An idea to limit memory usage of Redis.

Context

Redis is used as a memory store to store the parsing state during processing before serialization in Elasticsearch.
It stores mainly packets, TCP sessions and HTTP communications.

Those resources are quite big, and even with the streaming parsing, they may take up to several GB of RAM.

  • Packets are stored for 10s before parsing starts, and removed as soon as their associated communication part (request or response) is parsed completely.
  • TcpSessions are stored for 30s after each update, to keep the 'session'.
  • HTTP communications are stored only for the sync time with Elasticsearch.

Thus, the biggest data are stored the shortest time.

Idea

In my daily work, we faced OOM issues with Redis, and I suggested to compress the payload stored in it to limit the memory size required...

Guess what? I did not think of it for Spider!
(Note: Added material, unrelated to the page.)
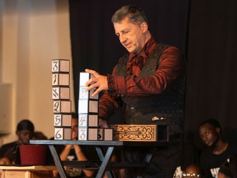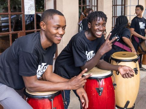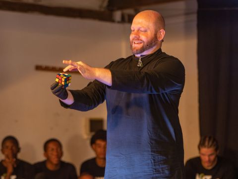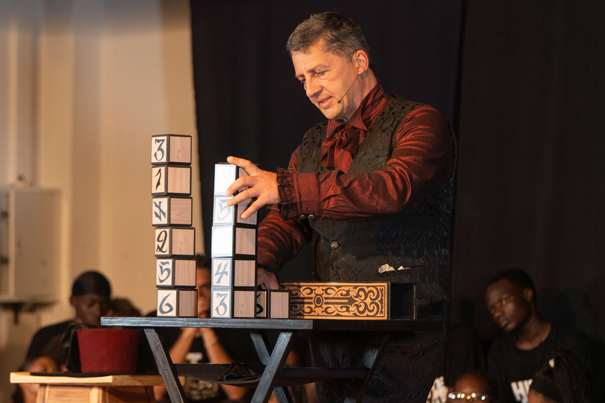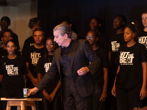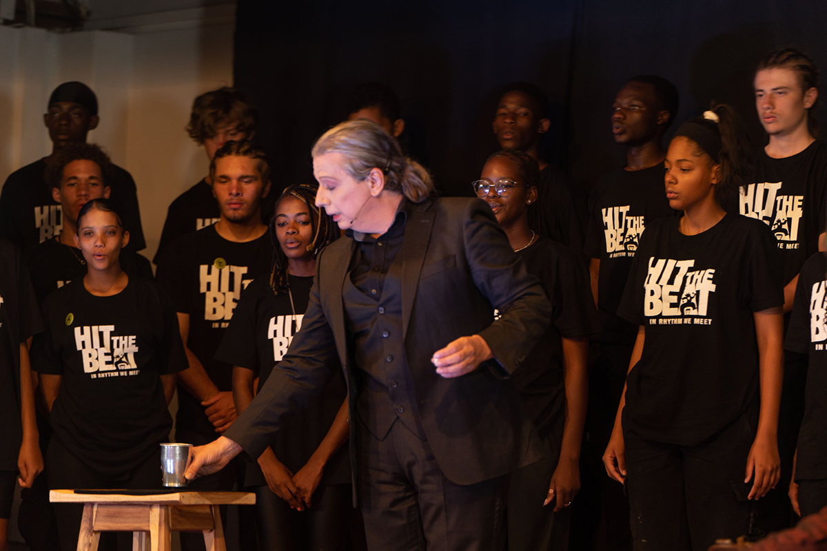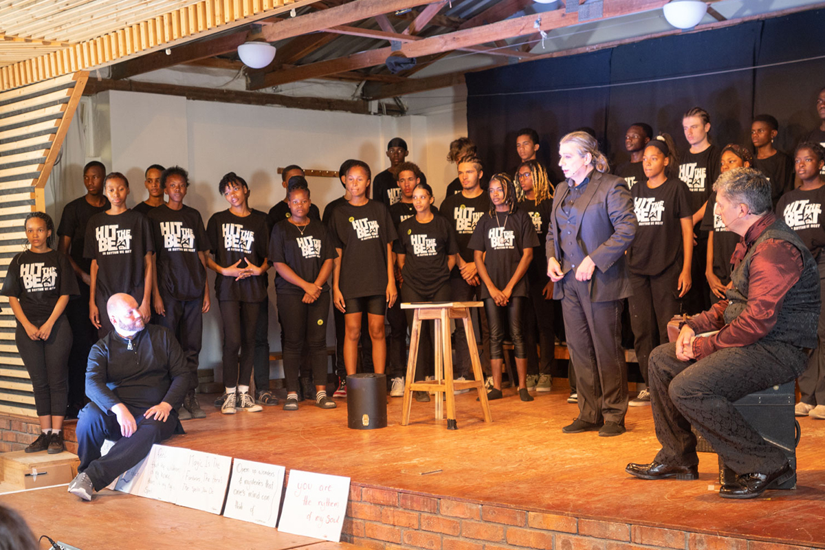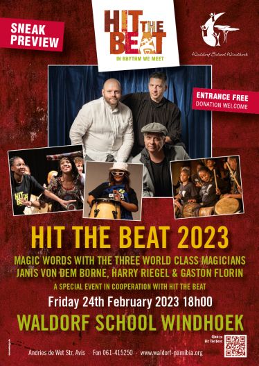 Das führte im März 2023 zu drei Tagen gemeinsamer Proben der 70 Schüler der Waldorf School Windhoek und den „Three Magicians“. Eine großartige Show entstand in denen die Magie der Zauberer mit den Stimmen und Instrumenten von Hit the Beat verwoben wurde.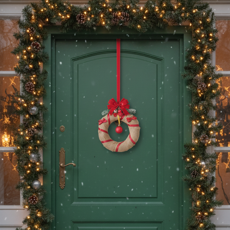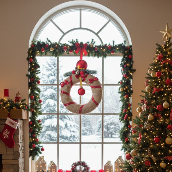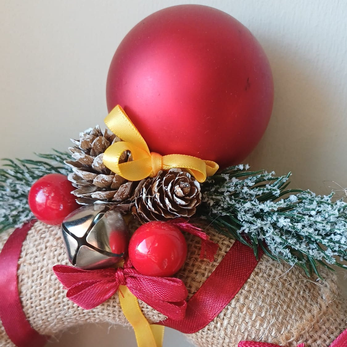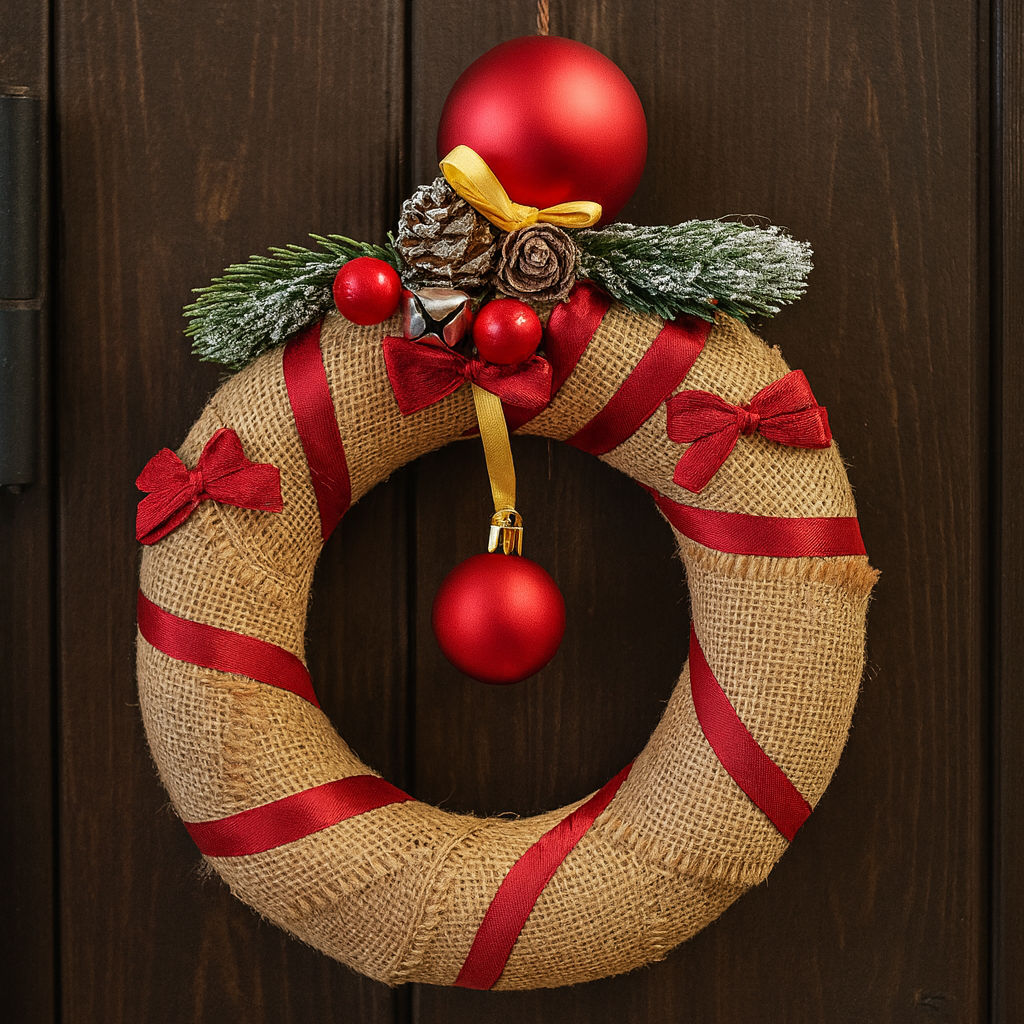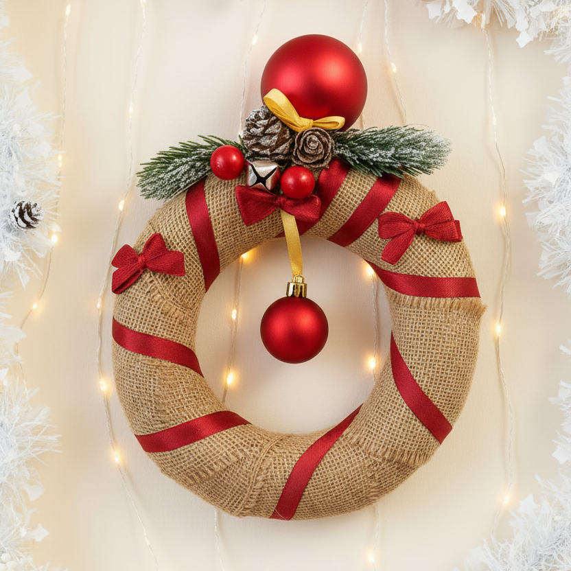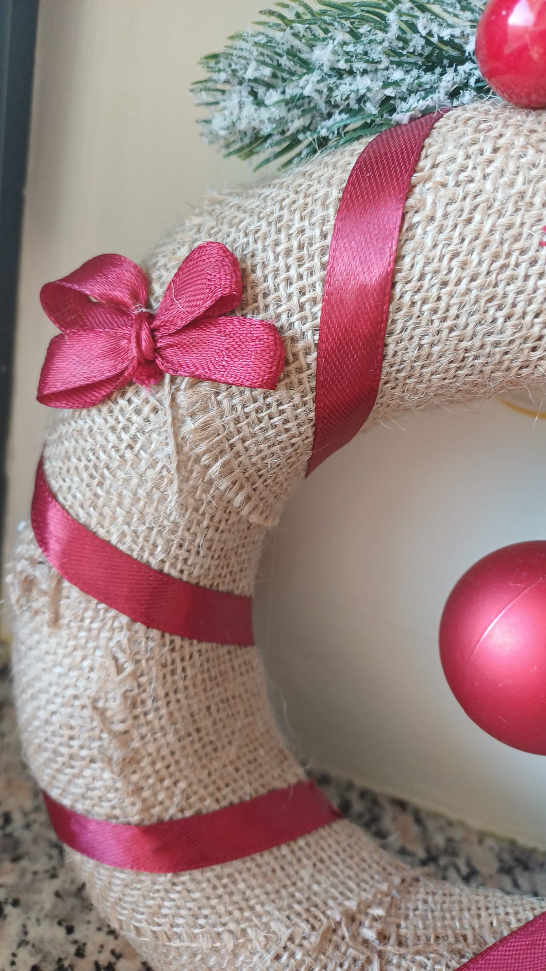 Una splendida ghirlanda natalizia fatta a mano che unisce il calore della juta naturale all'eleganza delle decorazioni rosse, perfetta per accogliere i tuoi ospiti con stile durante le feste.

So, let's try what it would give us! 🔍

Requirements

  • Compression algorithm is standard and supported by default in Node Zlib. To make things easier.
  • It must be fast to sustain the load without incurring too most CPU load increase
  • It must effectively save some memory 😉

How to put compressed data in Redis

On first trials, sending a compressed buffer to Redis was not returning the same buffer when reading... 😅
Obviously an issue with string encoding and representation!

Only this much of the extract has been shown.